"But it seems to me I am the one to say what is fair or unfair to me. After all, my happiness is at stake."
"Not more than mine."
"Much more than yours. You are selfish, Michael—not meaning to be, but because you would hurt me to my very heart to spare yourself self-reproach, if ever after our marriage anything should come out of the past to trouble us. As if anything matters to a woman who loves, so long as she is well loved in return!"
"You show me to myself in an unkind light . . ."
"I am using every weapon I can find in my fight with life for the right to be happy."
"I would break my own heart rather than cause you an instant's unhappiness . . ."
"You think so, dear. But you at least would have the memory of an act of renunciation to console you—you could say to yourself: 'I suffer, but for her sake.' For me there would be only the knowledge that I had been cheated out of my due. I have the right to claim more of life than it has given me . . ."
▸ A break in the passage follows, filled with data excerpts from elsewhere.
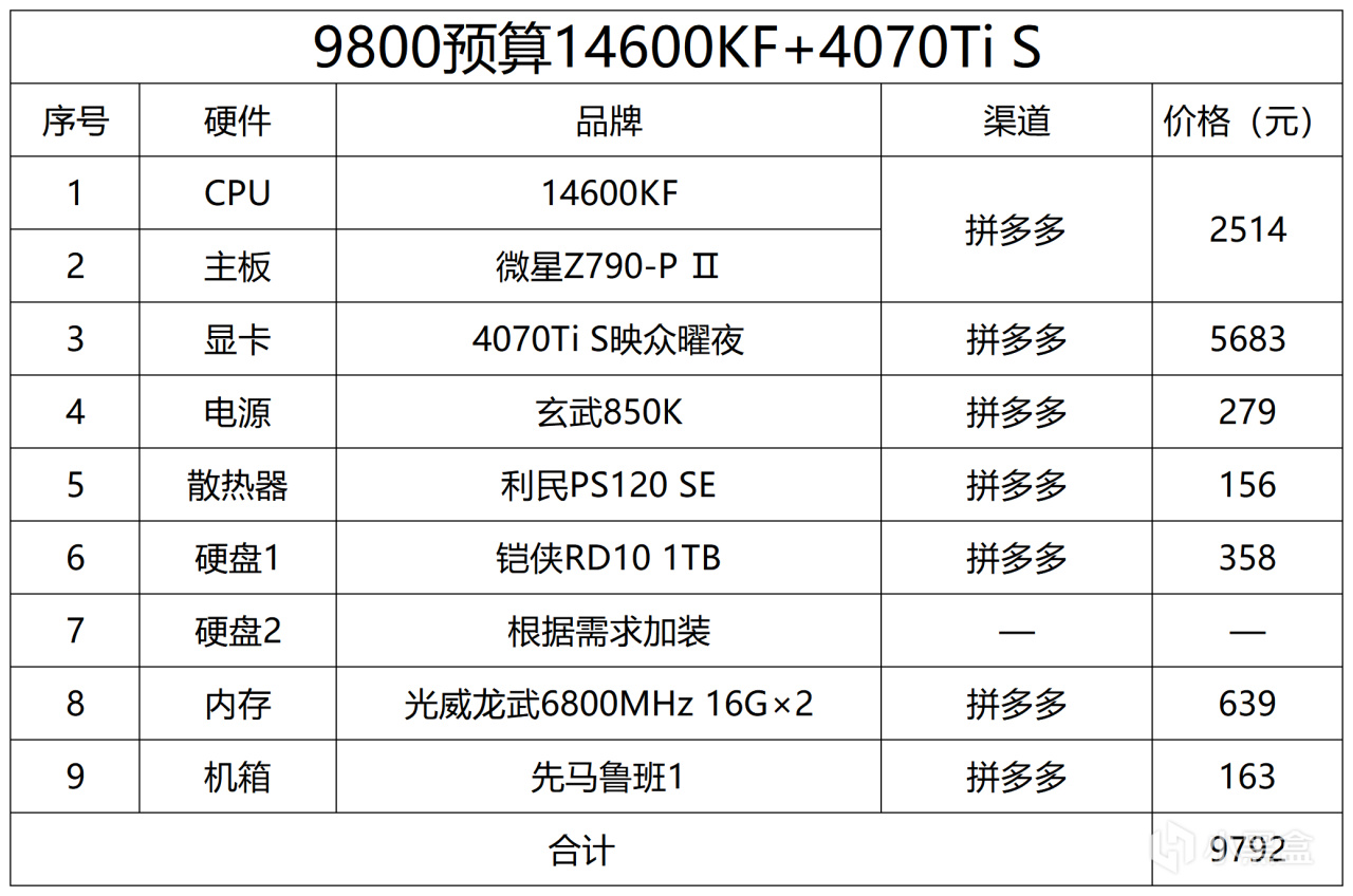 9800預算推薦14600KF+4070Ti S,4070Ti S 4K分辨率下大部分3A遊戲都能高畫質60幀暢玩,固態內存選擇是32G D5+1TB,這裏主板換成Z790,現在Z790的價格和B760M差不多,預算不是特別緊張的話就上Z790吧。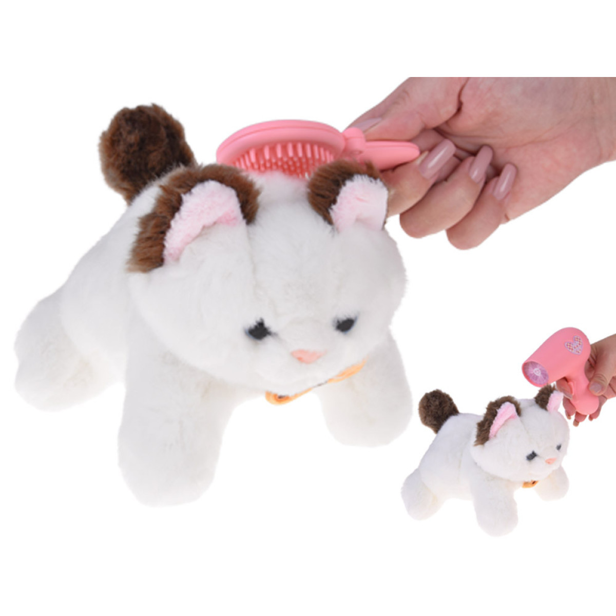 - Komplektā ietilpst kopšanas piederumi, piemēram, fēns un suka, ar kuriem bērns var rūpēties par sava mīluļa izskatu.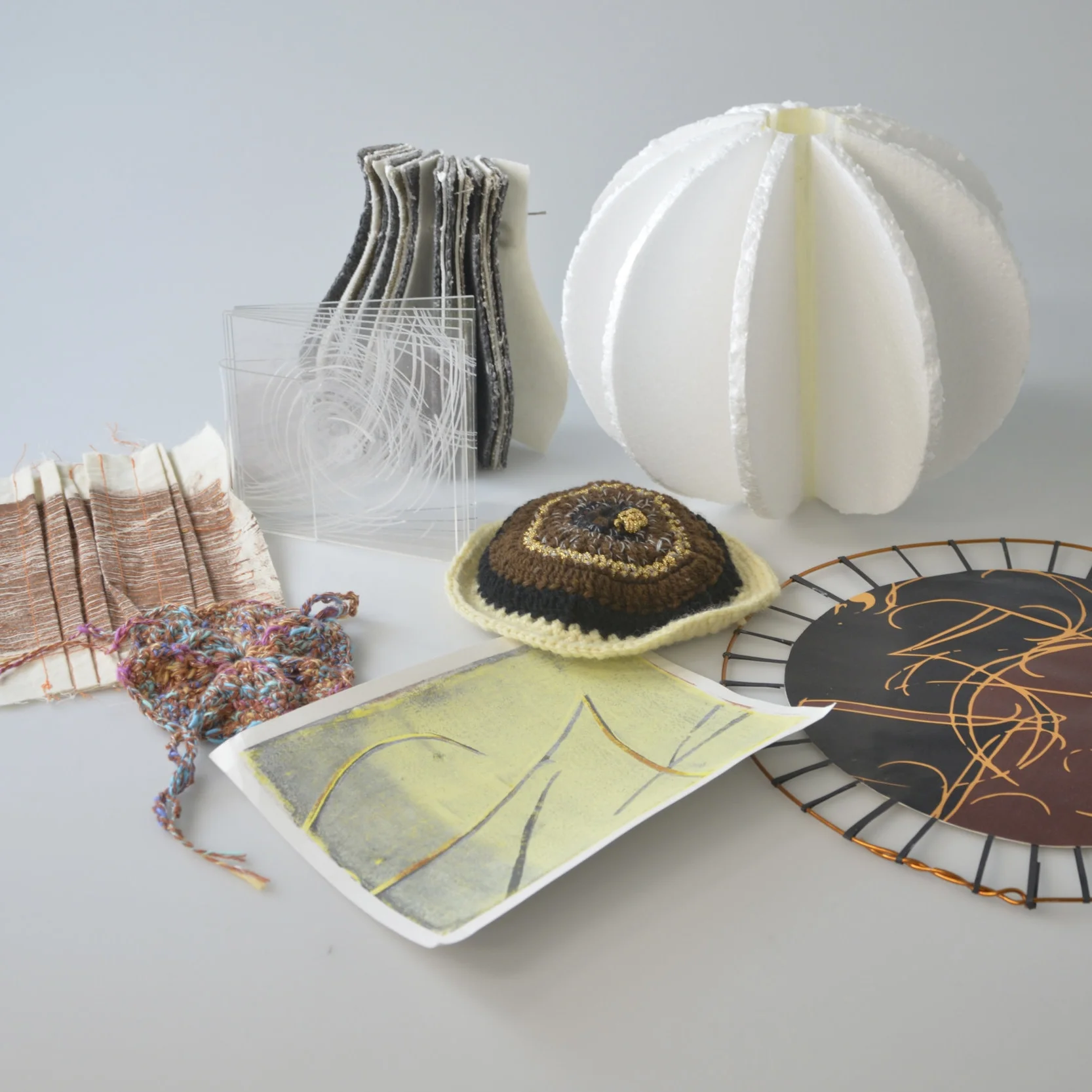 ‘Movement through Process’ is a work that reflects the physical aspect of motor senses and the connectivity between left- and right-hand intuitive engagement working in synchronicity. Through the use of stitched and woven textile, etched acrylic, print, waxed cloth and metal, these materials in combination support the value of the broader disciplines within craft today.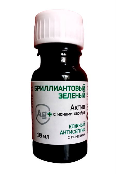 Бриллиант зел спирт Актив с ионами серебра/помазком, 10 мл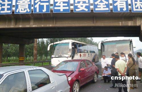 京津高速安全行駛標(biāo)語下的車禍。7月18日18點,在天津通往北京的高速公路上,3輛轎車、1輛大巴車、1輛滿載乘客的機(jī)場大巴車追尾相撞,事故無人傷亡,但造成交通堵塞,公安交警及時趕到進(jìn)行了處理。中新社發(fā) 錢興強 攝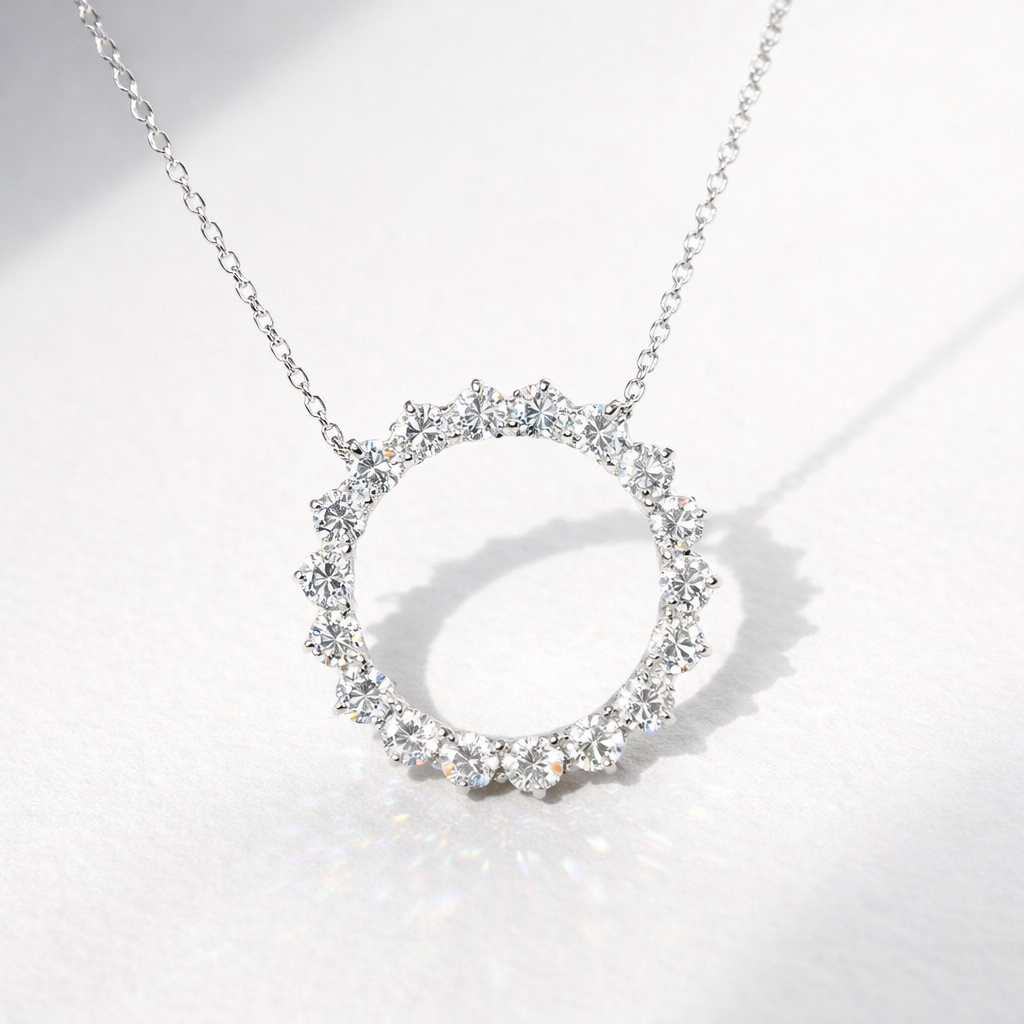 A moissanite circle pendant succeeds because it strips everything down to what matters. The circular shape carries a clear message continuity, balance, and permanence but the real impact comes from how the stone performs. Moissanite doesn’t fade into the background. It reacts to light constantly, keeps its brilliance in different settings, and gives even the simplest design a sharp, noticeable presence. When the cut is right and the proportions stay clean, this piece doesn’t just look good it holds up, every single day.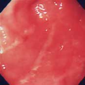 胸やけ、もたれ、むかつきを訴えて来院。内視鏡で観察してもわずかに線状の発赤を認めるのみで、慢性胃炎の一種の表層性胃炎の所見です。このような慢性胃炎の方の中に、なかなか治らない胸やけ、もたれ、むかつきに悩まれている方が多くいます。機能的上部消化管症状と呼ばれ、胃や食道の正常な運動機能の衰えが原因です。抗潰瘍剤や粘膜保護剤では効果が少なく、消化管運動促進剤を内服すると改善します。
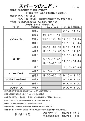 持ち物:各種目の運動用品・服などをご持参ください(専用靴・ラケット・球・タオルなど)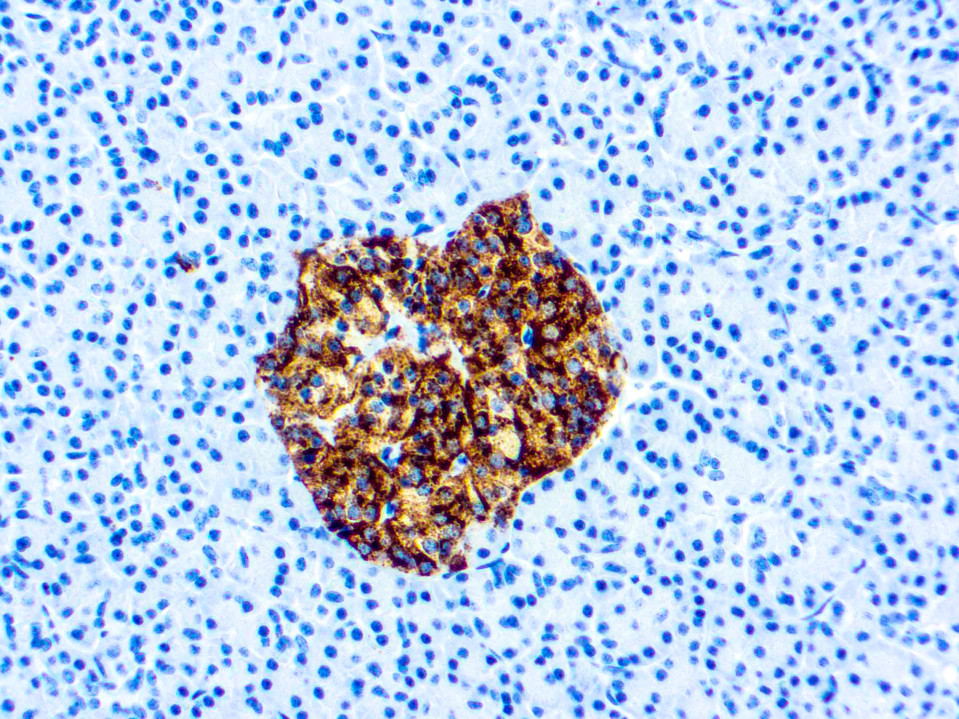 This antibody recognizes Chromogranin A. Chromogranin A (a protein of 439 amino acid which is encoded on chromosome 14) is present in neuroendocrine cells throughout the body, including the neuroendocrine cells of the large and small intestine, adrenal medulla and pancreatic islets. It is an excellent marker for carcinoid tumors, pheochromocytomas, paragangliomas, and other neuroendocrine tumors. Coexpression of chromogranin A and neuron specific enolase (NSE) is common in neuroendocrine neoplasms.

The voice of melancholy music faltered, then resumed: "The War took my husband from me before I was old enough to know what love could mean. Now, long after, I have found a greater love—and I am required to give it up solely because you are afraid somebody may some day tell me what I already knew, that once upon a time you were a little lower than the angels!"
To avoid the accusation of her look, Lanyard stared blindly into the fire.
"I am not good enough for such a love as yours, Eve."